Another annual tomato processing project around here is canning a batch of enchilada sauce. I grow and dry my own peppers (and the onions, garlic, and thyme), but if you have some extra tomatoes and a pressure canner/cooker it might be worth your while to shop for the dried chiles. Most of our grocery stores here have a Hispanic foods section, with a pegboard display of herbs, spices, and dried chiles in cellophane packets. I always check there for herbs - prices are a lot better than buying the little jars in the spice aisle (then just transfer them to the recycled glass jars of my spice rack). In my supermarket, more than enough dried chiles for this recipe were less than $3.
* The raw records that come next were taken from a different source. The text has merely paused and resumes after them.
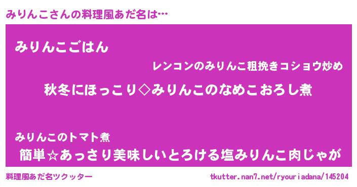 | ヘコむあだ名 | 『みりんこ(笑)』『みりっぺ』 |
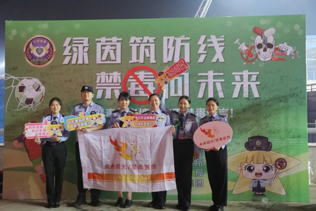 賽前球迷互動(dòng)區(qū)里,江蘇省女子強(qiáng)制隔離戒毒所“點(diǎn)點(diǎn)微光”禁毒宣傳團(tuán)隊(duì)積極行動(dòng),聯(lián)合鎮(zhèn)江市體育局、鎮(zhèn)江市文化廣電和旅游局、鎮(zhèn)江市文化廣電產(chǎn)業(yè)集團(tuán)等單位,為鎮(zhèn)江、無(wú)錫球迷送上禁毒知識(shí)和禁毒文創(chuàng)。“點(diǎn)點(diǎn)微光”禁毒宣傳吉祥物“星星”也驚喜現(xiàn)身,與球迷代表在禁毒宣誓墻上寫(xiě)下禁毒承諾,共同喊出“鎮(zhèn)江無(wú)錫,共筑防線”的青春無(wú)毒誓言。
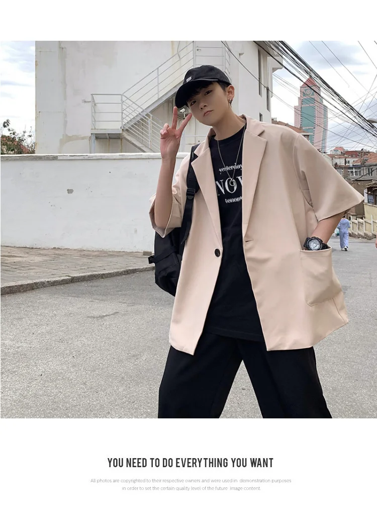 Wiaofellas - Men City Boy Summer Blazer Half Sleeve Streetwear Handsome Loose Draped Single Button Coat Jackets Shirts Solid Chic Tops Blouse
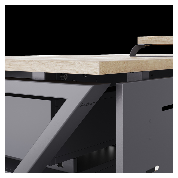 Компьютерный стол Кобор KW-180/80 graphite/natural используется в офисных помещениях и кабинетах руководителей. Модель оснащена W-образными опорами. Каркас выполнен из металла, выкрашенного в цвет графит муар (RAL7024), столешница – из ламинированной древесно-стружечной плиты (ЛДСП) цвета натуральный дуб (H1180 ST37). Опции (заказываются отдельно):
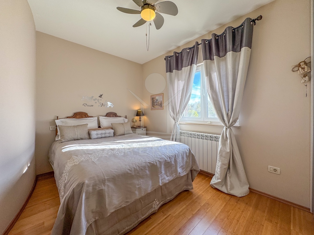 Am Ende eines kleinen Dorfes bei Labin liegt dieses Haus – ruhig, grün, ohne viel Trubel. Drumherum nur Wald und Natur. Keine laute Straße, keine Hektik. Und trotzdem: In zehn Minuten sind Sie in der Stadt. Zum Strand? Etwa 15 Minuten mit dem Auto. Auf dem Grundstück parken mehrere Autos problemlos. Gäste inklusive.
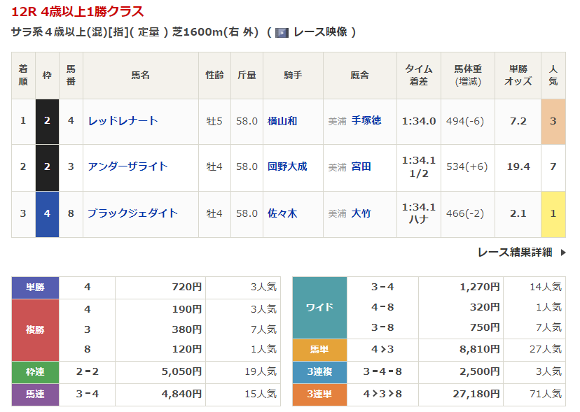| 3/7 中山 | 12R | 5R | 41.7% |
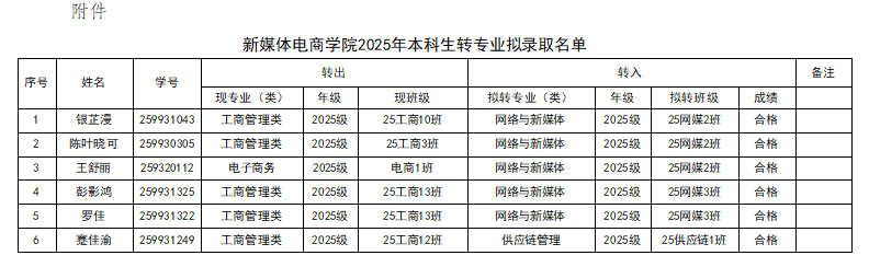 附件:新媒体电商学院2025年本科生转专业拟录取名单
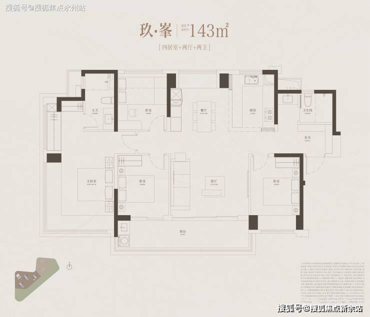 104-143㎡四房:均价 5.5-5.8 万 /㎡,总价 580 万 - 830 万,适合首改客群。
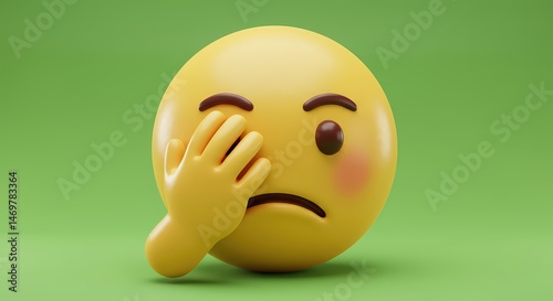 © widiati, Fototapeta premium 3D Render of a Face Palm Emoji, Expressing Regret and Embarrassment on a Green Background
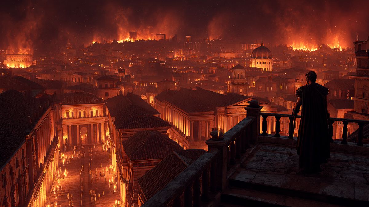 Řím je v plamenech. Lidé utíkají úzkými uličkami, křičí, tlačí se, padají. A někde nahoře, v bezpečí a pohodlí, stojí císař Nero a brnká na housle, zatímco město mizí v ohni. Kruté, cynické, filmové. Přesně ten typ obrazu, který si mozek uloží navždy.
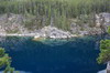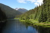 Nous montons jusqu'à Moraine Lake malgré la pluie qui redouble. Nous attendons l'éclaircie pour aller admirer la couleur outremer de ce petit lac glaciaire de 0,5 km2 situé à 1885 m d'altitude. Malheureusement, des travaux nous empêchent d'accéder au plus beau belvédère, le sommet de la moraine (qui a donné son nom au lac).
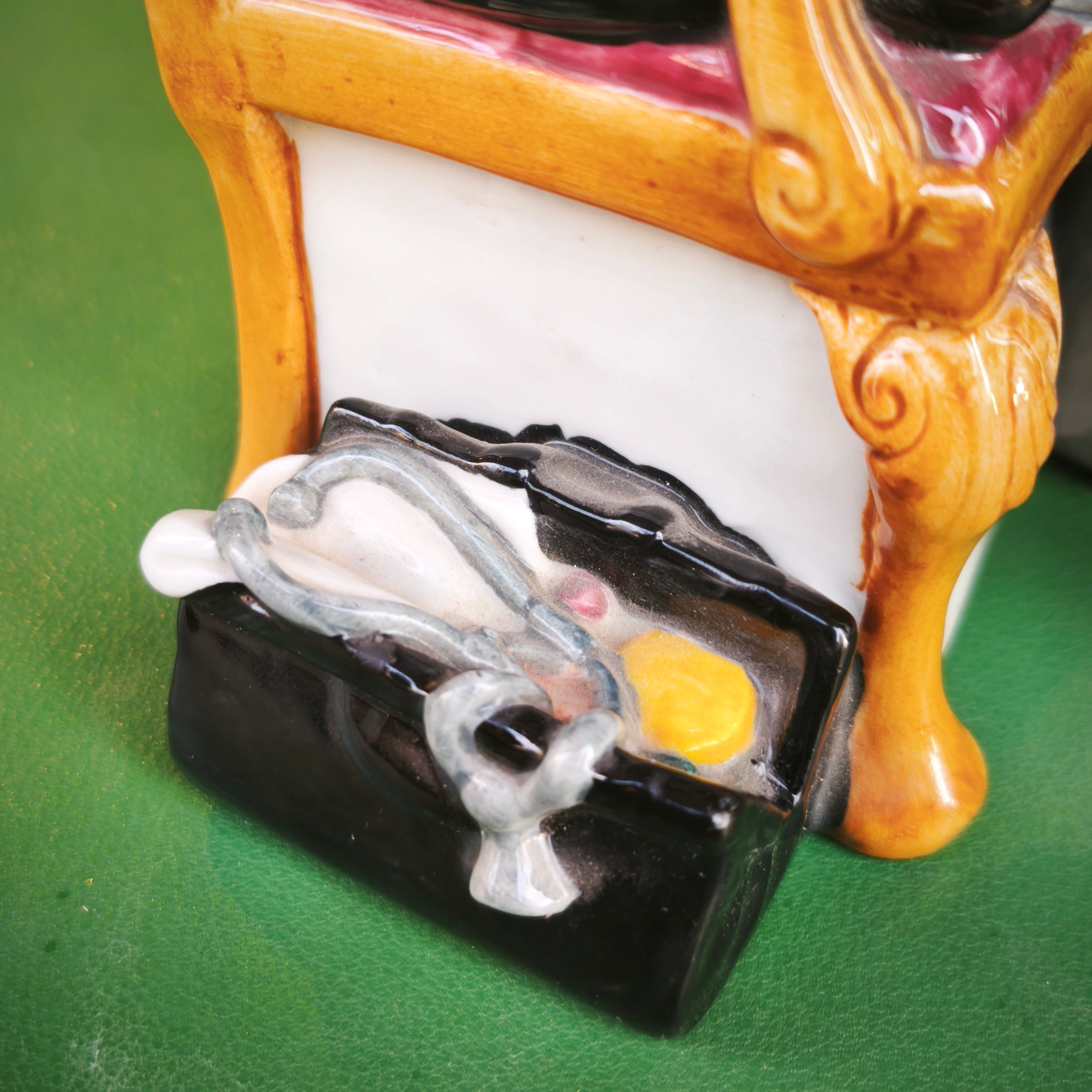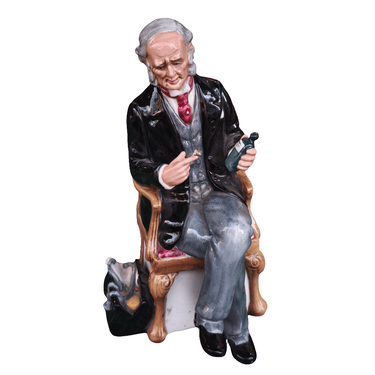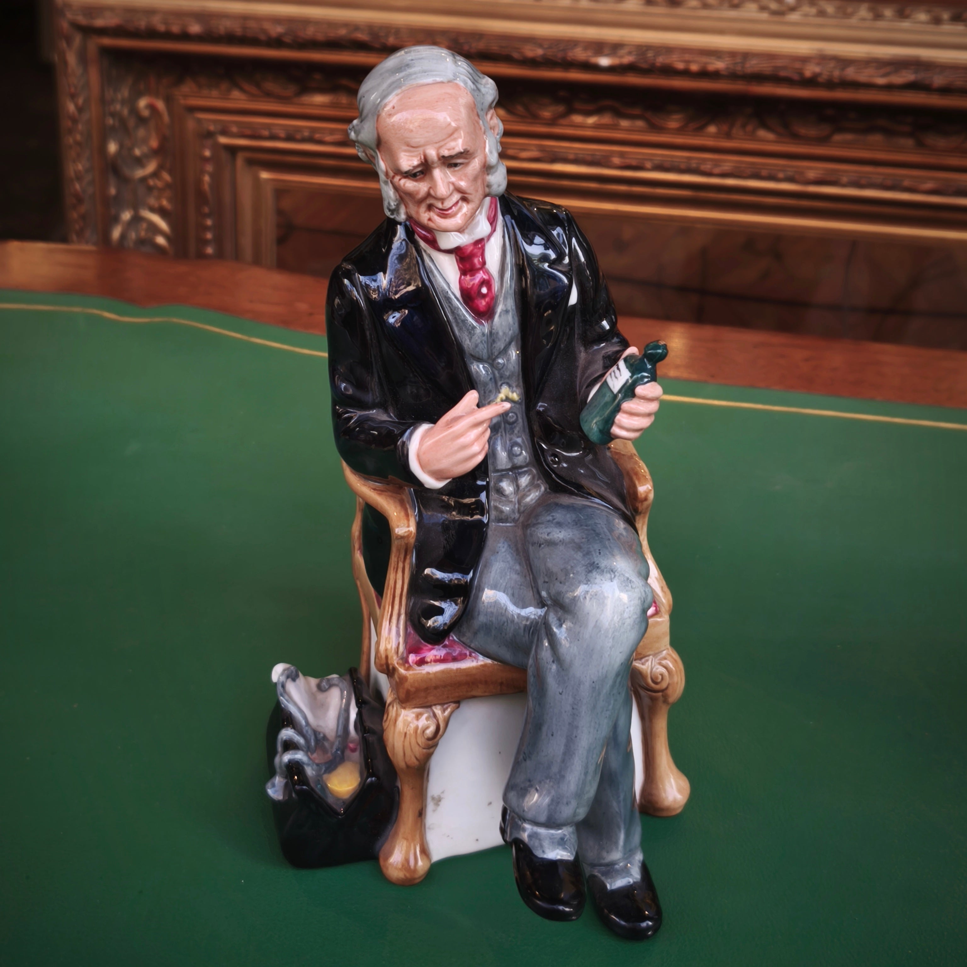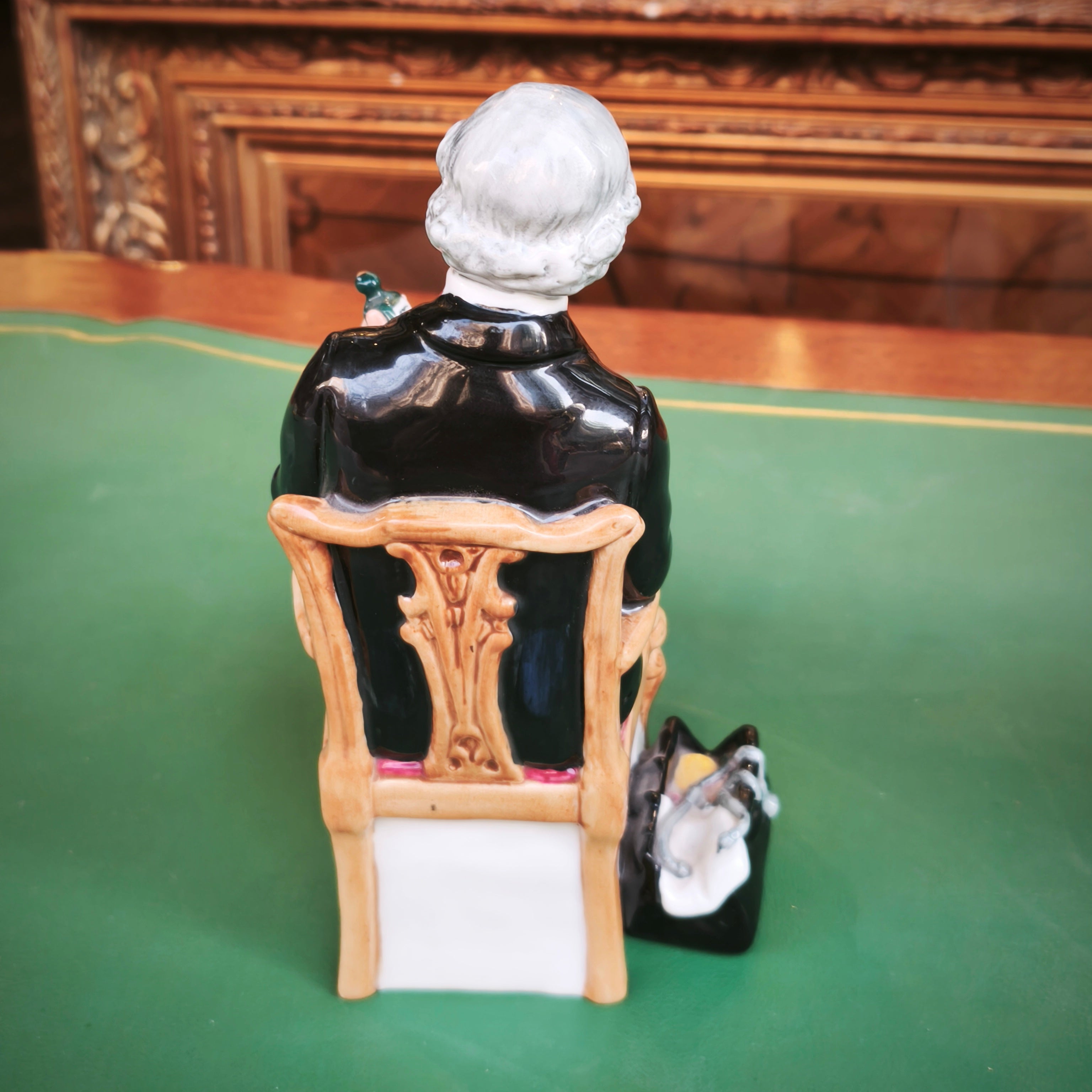 Charmante figurine en porcelaine anglaise de la célèbre marque Royal Doulton, représentant le personnage du Docteur. Elle représente un homme âgé assis, vêtu d'un costume sobre, tenant une bouteille de sirop et portant une mallette sur laquelle se trouvent ses instruments médicaux. Magnifiquement peinte à la main, cette figurine capture tous les traits distinctifs de cette profession avec personnalité et une touche d'humour, conférant au personnage caractère et charme.

The big chiles are usually labeled California or New Mexico chiles. They're the pretty shiny chiles most often hung up as a decoration (if you're using ones from a decorative string, make sure they haven't been varnished or treated with any kind of preservative coating. If you use them from the bottom, you can keep the string looking nice, if just a bit shorter). Chipotle is really a generic term meaning any smoked chile. Jalapeños are the ones most commonly preserved this way, so here chipotle usually means a smoked jalapeño. But the cellophane packets are marketed to Spanish-speakers, so the smoked chiles you want for this recipe will more likely be labeled Morita (or maybe Tipico). They'll look like little wrinkled reddish-brown cigar butts.
Enchilada Sauce (8 pints)
2 onions + 3 bulbs garlic, drizzled with olive oil (no need to peel, just make sure root end is clean). Wrap in foil packet, roast 45 minutes at 375º.
8 dried California + 24 Chipotle chiles. Rinse with cool water, remove stems, cover with boiling water and soak 45 minutes. Drain before proceeding.
4 pounds tomatoes, cored and halved
Add veggies above to 6 quarts water with 8 sprigs thyme (about 3 tablespoons dried) and 4 teaspoons non-iodized salt. Simmer 45 minutes.
Discard half the cooking water (about 3 quarts - I ladle it out, pouring it through a wire sieve into a measuring bowl). Puree the veggies (I just run it all through my blender - I don't have a food mill, but that would probably work too) and press through wire sieve along with remaining cooking water. Discard the dry pulp remaining in the sieve. Fill sterilized pint jars to ½" headspace. Seal, pressure-can 50 minutes at 7-10 pounds pressure (depending on what type of pressure regulator you have). Let canner return to zero pressure on its own before opening.
One pint of the sauce above makes a 9x13" pan of 12 enchiladas. This sauce is hot, a concentrate, and needs to be stretched and mellowed. Traditional recipes use cream (8 ounces sour or whipping), or you can use a can of evaporated milk, but I usually whisk one can of condensed cream of mushroom soup into the pint of sauce. Prepare approximately 2 cups of filling (beef, or shrimp & crab, or pork, or leftover turkey, or sauteed onion & mushroom with tofu, or eggs & potatoes, or whatever else you think might be good. I'm going to experiment with diced eggplant - don't tell Aries) binding it together with a bit of sauce. Soften corn tortillas according to package directions. Divide filling equally, roll up in the tortillas, and place in baking pan seam-side down. Pour sauce mixture over all, smooshing them down with your spatula to completely cover and soak edges of the tortillas. Top with shredded cheddar (optional - and I also sprinkle with chopped black olives). Bake uncovered 400º 20 minutes or until bubbling. Comer, beber, y reir (Eat, drink and laugh)!